While Reigns did offer his own tribute to The Deadman on Twitter earlier in the day, The Big Dog took a long time to speak on Raw, in part because the rowdy #RawAfterMania crowd wouldn’t let him get a word in edgewise. When he finally spoke, it was to only offer one sentence with a matter-of-fact finality: “This is my yard now.”

Short and sweet. The Deadman would approve.

A lot of fans read that segment as Roman Reigns being intentionally smug and arrogant in a way that clearly reflects villainous behavior and that was meant to troll the crowd and signal a heel turn. But it doesn’t seem that this is how the WWE sees it; instead, it was Roman, the hero, declaring his dominance in a matter-of-fact fashion and keeping a brave face in front of an audience of insane fans.

Besides, looking back at recent history, there have been plenty of times in which Raw was taken over by absolutely brutal crowd reactions to Roman Reigns, only for him to continue being a babyface as if the fans were not rebelling against him. In fact, almost this exact same situation unfolded last year after WrestleMania: Roman Reigns entered to overwhelming boos, but even though some viewers thought that the WWE might finally steer into the hatred and allow him to be more heel-ish, he continued to function as a face.

Outside of what’s going on on screen, there has been some off screen evidence to suggest that nothing will change with the way Roman Reigns is presented. Roman recently was a guest on Chris Jericho’s podcast Talk is Jericho, and he said that he sees no reason for him to turn heel. That wouldn’t be all that significant except for the fact that Roman also said on the podcast that he has creative control over the character.

“The thing is, if I turn heel, what am I gonna become?” Roman Reigns said on the podcast. “Everything that’s been done? Why not just be me? No one’s ever been like me. This is uncharted territory. It can be anything I want it to be. So why put myself on one side of it? Why not just dabble? Why not have the full range? Do whatever I want? That’s how I feel. I’m the one writing this at this point now. We’re in the position we can do anything we want as long they make noise.”

On Twitter on Tuesday, Roman said that the crowd this week was one of the loudest of the past two decades, and this is evidence that he is the guy.
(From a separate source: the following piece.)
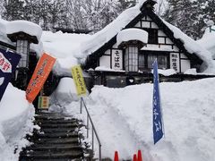雪を纏った店舗は、なかなかの風情、店内テーブルも自然木の凝ったつくり。げそ天いたそばを注文(税込み930円)。麺は細打ち、食感はのど越しを楽しむタイプか、1.5人前ほどの量、つけ汁とのバランスよし。げそ天はカラりと揚った衣を纏い、太足で食べ応えあり。箸休めの湯豆腐、漬物付き、そば湯割で〆、美味しく満腹。着膳を待つ間、お茶請けにずんだ饅頭が供される、和菓子も有名らしい。

That appears to be how Vince McMahon feels as well: as long as the crowd is reacting to Roman Reigns, everything is going great, and it doesn’t really matter too much whether they’re cheering or booing. The only thing that would make the company feel that they need to make a change is if the crowd fell silent.

Dave Meltzer, the veteran wrestling journalist from the Wrestling Observer, recently made this point on Wrestling Observer Radio.

“When they boo him to that level, Vince is back there going, ‘They really care a lot,’ and that’s gonna make [Vince] push [Roman] more,” Meltzer said this week. “It’s silence that will get him…booing [Roman] will only make him stronger.”

The closest anyone associated with the WWE has come to saying that Roman Reigns is potentially getting close to being a heel was when Triple H gave an interview in which he said that to some degree, Roman is a heel already. However, he didn’t totally commit to that idea, with his point more being that Roman is a heel if you accept the fact that most of the crowd hates him, something Triple H doesn’t seem to fully accept.

“Roman Reigns gets one of the loudest reactions every night, whether that reaction is a boo or whether that reaction is a cheer,” Triple H said in an interview with Sports Illustrated. “The fans who say, ‘I don’t understand why they don’t turn Roman Reigns heel!’ Isn’t he already? If you believe what you believe, and you’re saying, ‘How can they not turn him heel? There is 70 percent of the crowd booing him out of the building!’ If that’s your belief, then isn’t he already the biggest heel we have? If 70 percent of that crowd is booing him, then he’s a heel. We’re just presenting him to you in a different way that makes you hate him.”